Department of Clinical Immunology and Rheumatology, Hospital Edouard Herriot, 69437 Lyon Cedex 03, France.
Ann Rheum Dis. 2011 Oct;70(10):1713-8. doi: 10.1136/ard.2011.154252. Epub 2011 Jul 22.
Rheumatoid arthritis (RA) is one of the most appropriate conditions for the application of personalised medicine as a high degree of heterogeneity has been recognised, which remains to be explained. Such heterogeneity is also reflected in the large number of treatment targets and options. A growing number of biologics as well as small molecules are already in use and there are promising new drugs in development. In order to make the best use of treatment options, both targeted and non-targeted biomarkers have to be identified and validated. To this aim, new rules are needed for the interaction between academia and industry under regulatory control.
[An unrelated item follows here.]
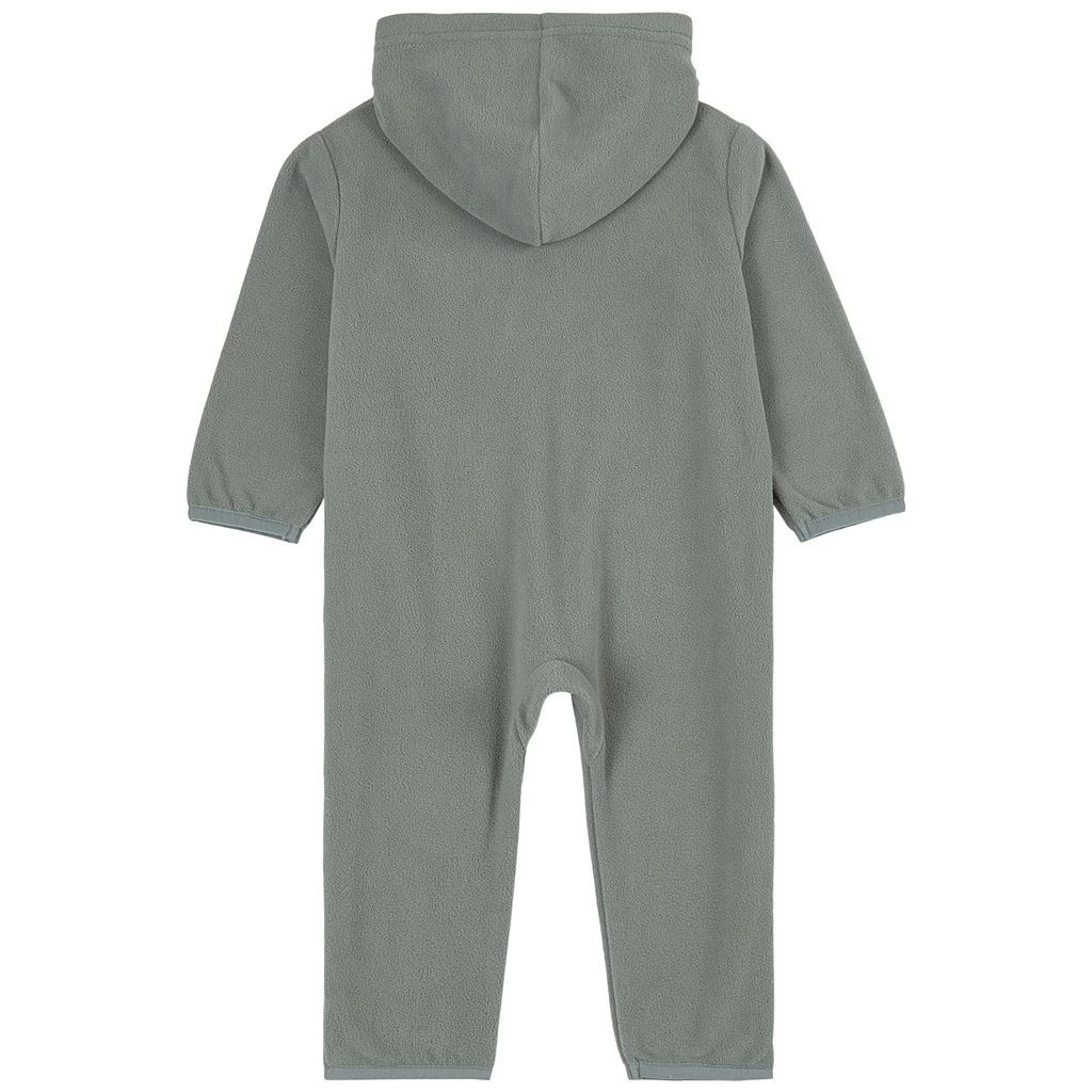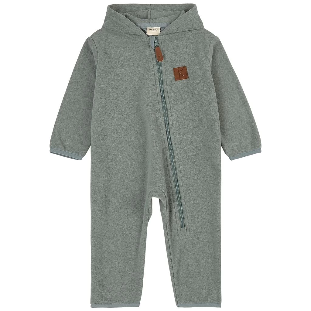 Keep warm with comfy fleece. Green Northpole fleece coverall by Kuling. The fleece coverall has a fixed hood. It has a zip closure at the front.

Setting up multi-centre biosample collections with clear definition of access, organising early, possibly non-committing discussions with regulatory authorities, and defining a clear route for the validation, qualification and registration of the biomarker-drug combination are some of the more critical areas where effective collaboration between the drug industry, academia and regulators is needed.
类风湿关节炎(RA)是个性化医学应用的最适宜条件之一,因为已经认识到存在高度的异质性,但这种异质性仍有待解释。这种异质性也反映在大量的治疗靶点和选择上。越来越多的生物制剂和小分子药物已经在使用中,并且有许多有前途的新药正在开发中。为了充分利用治疗选择,必须确定和验证有针对性和非靶向的生物标志物。为此,需要在监管控制下制定学术界和工业界之间的新规则。建立具有明确准入定义的多中心生物样本库,与监管机构进行早期、可能无约束力的讨论,并为生物标志物-药物组合的验证、资格和注册定义明确的途径,是药物行业、学术界和监管机构之间需要进行有效合作的一些更为关键的领域。